In order to understand more about what is happening, could you provide the job stats, as well as the logs from the node that has been running the job?

Another question would be whether there are data to be pulled from after 19:59:57. It seems that there is some operational reason to perform the model snapshot revert. It would be helpful to know if you're taking actions against the indices that hold the analysed data as well.

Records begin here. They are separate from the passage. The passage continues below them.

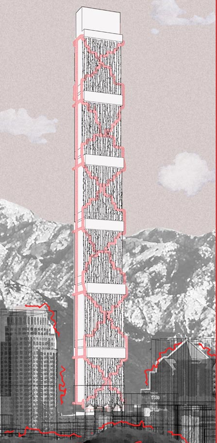 Altius Tower also speculates on the potential of matching the nomenclature of “vertical cities” with a vertical transit system. The transit tubes winding through the tower’s exterior allow users to take in the majestic views of the mountains and the valley, and bring a playful element to the area that is sure to draw many in.
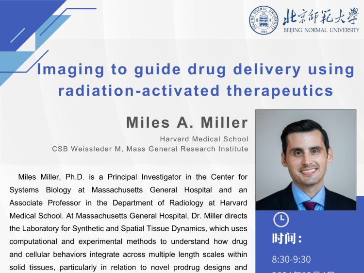 On December 4, 2024, Dr. Miles A. Miller from Harvard Medical School and Massachusetts General Hospital delivered a captivating talk titled “Imaging to Guide Drug Delivery Using Radiation-Activated Therapeutics” via Zoom at the College of Chemistry, Beijing Normal University. Dr. Miller, a leading expert in computational and experimental pharmacology, shared his team’s groundbreaking research onContinue reading “Dr. Miles Miller Delivers Inspiring Talk on Imaging-Guided Drug Delivery” - Prof. Tiancong Zhao Delivers Inspiring Talk on Mesoporous Nanomedicine at Cao Group
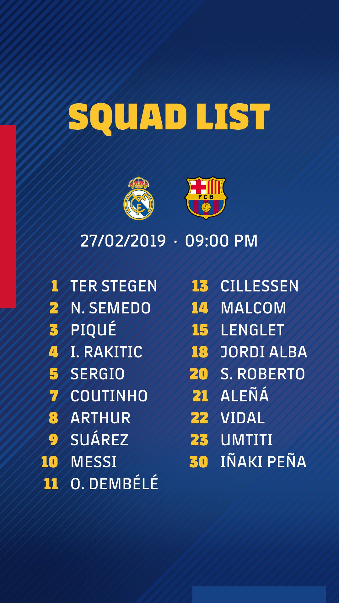 «Барселона» объявила состав на ответный матч против «Реала» в Кубке Испании. В первой игре между этими командами была зафиксирована ничья.

tvannet · November 8, 2017, 4:03pm

Hi,

Thanks for your answer! I did some more testing on a healthy single metric, count job and observed some curious behavior:

I am using a job with a 1h bucket time. It is healthy, ie every bucket contains the full data for that time frame and no error has occurred.
When reverting to a snapshot with a latest record at 15:03, the bucket starting at 15:00 seems to contain the full data from 15:00 to 16:00 as it did before the revert. That is already weird since the model shouldn't have known about the data past 15:03.
After restarting the job after the revert, the bucket starting at 15:00 now only contains a little bit of data (I assume it only contains the data from 15:00 to 15:03), although the 16:00 bucket contains the full data.
Then I reverted the job to the same model again. Now this time the bucket starting at 15:00 only contains the same little bit of data it did after the previous restart.
If I restart the job again then as before the 15:00 bucket doesn't receive any new data and the 16:00 bucket contains the full data as expected.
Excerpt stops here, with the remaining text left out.